> _WHAT IS BEING ASKED_: In the records below, which lines include "State"? Copy them.

> _RECORDS PROVIDED_:

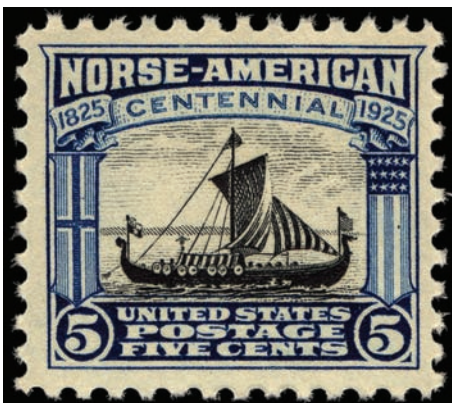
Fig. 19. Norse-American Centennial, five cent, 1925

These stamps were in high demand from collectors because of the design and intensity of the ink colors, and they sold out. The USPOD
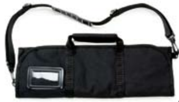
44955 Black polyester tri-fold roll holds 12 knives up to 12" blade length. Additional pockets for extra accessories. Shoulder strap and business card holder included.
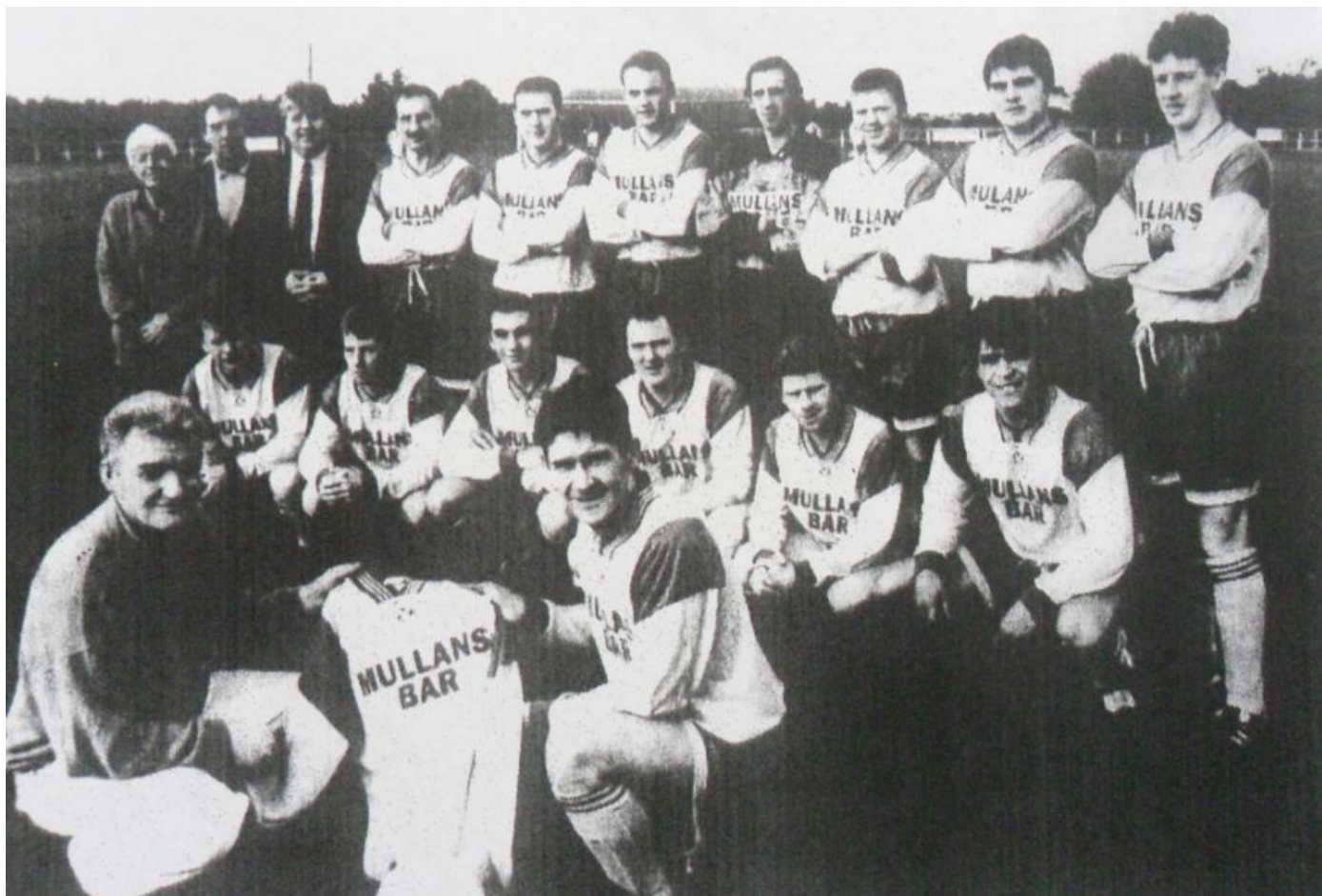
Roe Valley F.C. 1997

* * *

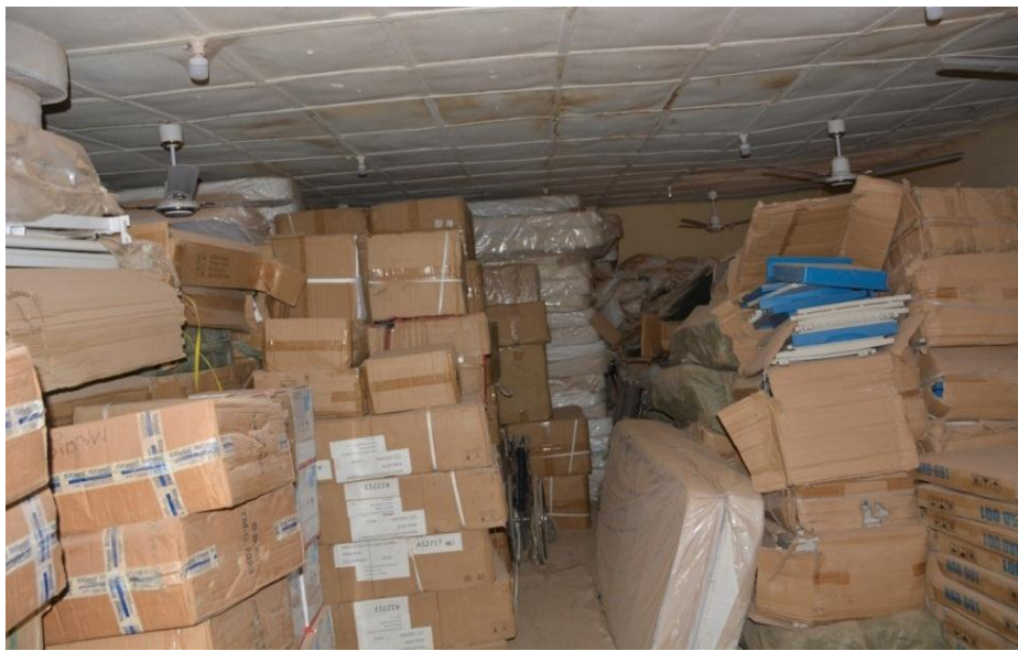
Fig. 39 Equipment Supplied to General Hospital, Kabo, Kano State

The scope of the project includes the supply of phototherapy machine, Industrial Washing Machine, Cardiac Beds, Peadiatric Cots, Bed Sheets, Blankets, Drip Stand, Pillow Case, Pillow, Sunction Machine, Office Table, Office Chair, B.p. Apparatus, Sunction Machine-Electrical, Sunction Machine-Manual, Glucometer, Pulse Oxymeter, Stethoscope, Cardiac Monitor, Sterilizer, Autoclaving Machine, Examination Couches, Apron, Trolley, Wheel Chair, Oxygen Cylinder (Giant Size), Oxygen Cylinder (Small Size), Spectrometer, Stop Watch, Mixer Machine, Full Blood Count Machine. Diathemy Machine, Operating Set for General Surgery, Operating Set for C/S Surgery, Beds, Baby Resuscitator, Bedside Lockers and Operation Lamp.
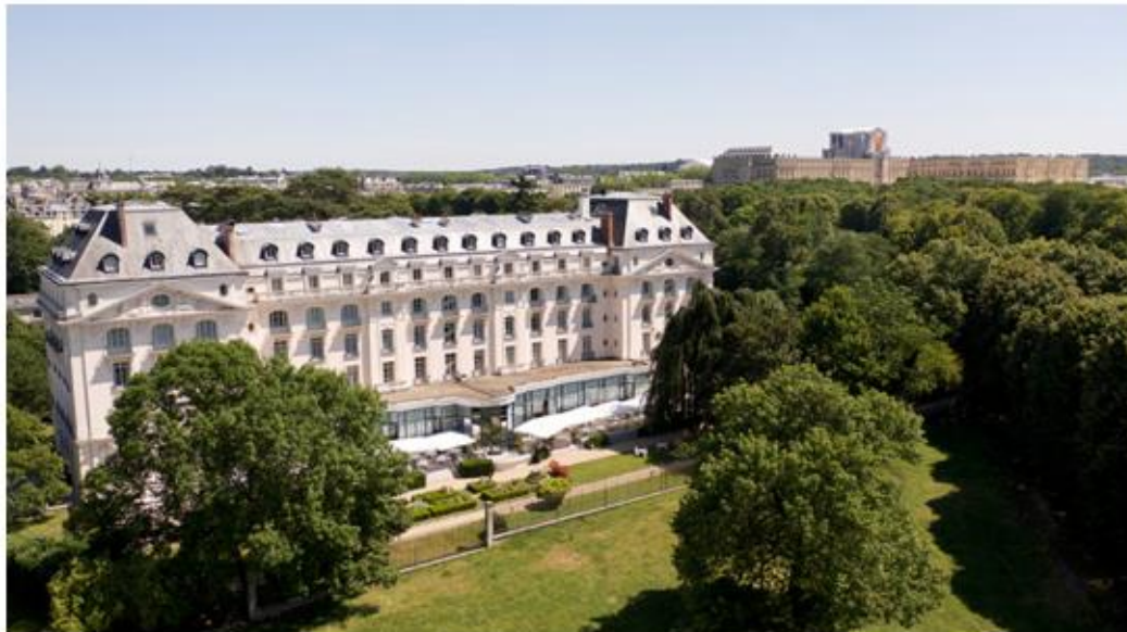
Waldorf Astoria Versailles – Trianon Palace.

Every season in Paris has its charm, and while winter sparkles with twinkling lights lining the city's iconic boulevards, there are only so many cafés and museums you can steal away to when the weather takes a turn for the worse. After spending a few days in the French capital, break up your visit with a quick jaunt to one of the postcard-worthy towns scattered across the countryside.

* * *

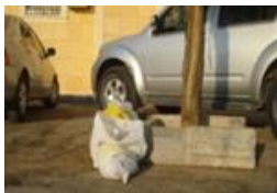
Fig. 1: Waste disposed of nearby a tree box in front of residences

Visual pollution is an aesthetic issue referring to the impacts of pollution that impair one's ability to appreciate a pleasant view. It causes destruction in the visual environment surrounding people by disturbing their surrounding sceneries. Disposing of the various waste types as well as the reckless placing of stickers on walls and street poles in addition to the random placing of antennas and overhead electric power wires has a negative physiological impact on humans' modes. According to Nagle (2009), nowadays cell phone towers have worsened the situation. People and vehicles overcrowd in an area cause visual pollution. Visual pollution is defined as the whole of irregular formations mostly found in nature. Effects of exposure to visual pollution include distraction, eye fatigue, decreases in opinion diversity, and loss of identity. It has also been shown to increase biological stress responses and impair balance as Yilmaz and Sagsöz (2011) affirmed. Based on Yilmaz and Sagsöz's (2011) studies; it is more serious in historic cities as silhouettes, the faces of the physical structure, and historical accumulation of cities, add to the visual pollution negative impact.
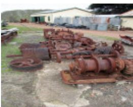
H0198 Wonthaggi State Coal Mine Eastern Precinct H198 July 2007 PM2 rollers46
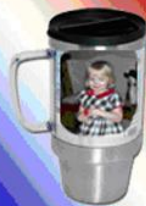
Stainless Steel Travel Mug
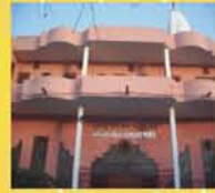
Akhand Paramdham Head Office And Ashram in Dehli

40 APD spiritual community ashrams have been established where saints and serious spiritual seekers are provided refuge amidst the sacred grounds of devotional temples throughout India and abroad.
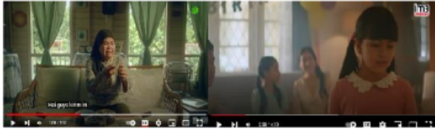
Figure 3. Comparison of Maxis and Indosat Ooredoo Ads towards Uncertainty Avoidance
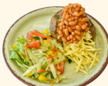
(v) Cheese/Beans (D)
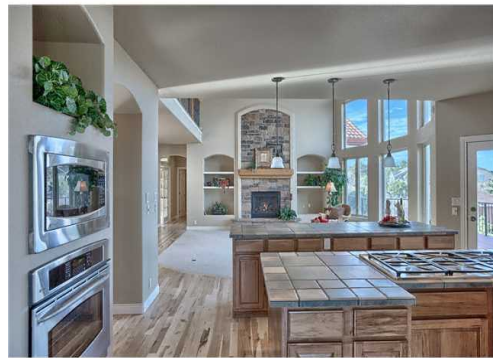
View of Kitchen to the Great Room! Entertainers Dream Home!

> _WRITTEN REPLY_:
Fig. 39 Equipment Supplied to General Hospital, Kabo, Kano State
H0198 Wonthaggi State Coal Mine Eastern Precinct H198 July 2007 PM2 rollers46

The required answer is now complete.